Seryjni podpalacze z gminy Łącko w rękach policji. Nastolatkowie usłyszeli już zarzuty
Sądeccy policjanci zatrzymali czterech mieszkańców gminy Łącko – 19-latka i trzech 17-latków, którzy są podejrzani o podpalenie kilku budynków gospodarczych. W trakcie działań okazało się, że w przestępstwie brał udział także 15-latek. 19-letni mężczyzna jest odpowiedzialny za pożary stodół w Kiczni i Czerńcu, które miały miejsce 8, 20 i 26 października oraz 18 listopada. Funkcjonariusze postawili mu cztery zarzuty uszkodzenia dobytku.
Zobacz także: W gminie Łącko grasuje podpalacz? Paliła się kolejna stodoła
Oprócz budynków paliło się również to co było w środku, a więc siano, maszyny i sprzęt rolniczy warty nawet kilkanaście tysięcy złotych. Podejrzany naraził właścicieli budynków na straty sięgające 98 tysięcy złotych. Dodatkowo podczas pożaru w Kiczni, trawiący stodołę ogień spowodował nadtopienie elewacji i okien domu przez co straty wzrosły do kilkudziesięciu tysięcy złotych.
- Dwóch 17-letnich wspólników usłyszało jeden zarzut podpalenia budynku gospodarczego w Kiczni 18 listopada - tłumaczy Iwona Grzebyk-Dulak, rzecznik prasowy sądeckiej policji.
Zobacz także: Czy w Kiczni grasuje podpalacz? Czterdziestu strażaków przez całą noc walczyło z ogniem [ZDJĘCIA]
16 grudnia na wniosek policjantów, a następnie prokuratury, sąd wydał decyzję o zatrzymaniu 19-latka w areszcie na trzy miesiące. Tam poczeka na wyrok. Za popełnione przestępstwa mężczyźnie grozi nawet do pięciu lat więzienia.
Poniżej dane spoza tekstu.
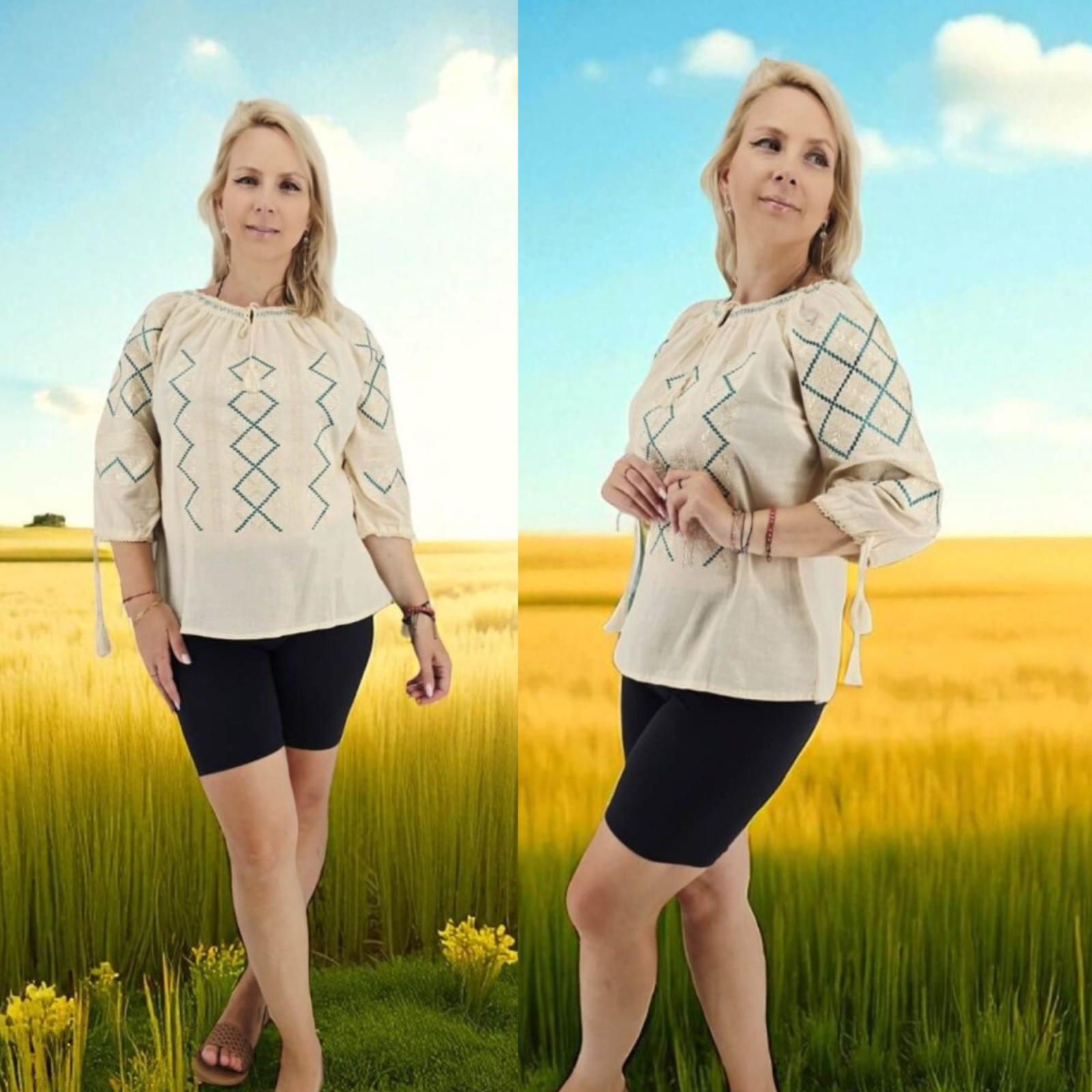 Ie stilizata traditionala romaneasca de culoare crem cu broderie crem si turcoaz

- Wobec dwóch 17-latków, którzy na tę chwilę usłyszeli jeden zarzut, prokurator zastosował środki zapobiegawcze w postaci dozoru policji, zakazu opuszczania kraju oraz poręczenia majątkowego - wyjaśnia policjantka.
Zobacz także: Łuna ogniowa nad Kicznią. Budynek spłonął doszczętnie. Co tam się stało? [ZDJĘCIA]
O losach 15-latka i jednego z 17-latków, który w chwili popełnienia przestępstwa nie miał jeszcze skończonych 17 lat, zadecyduje sąd rodzinny.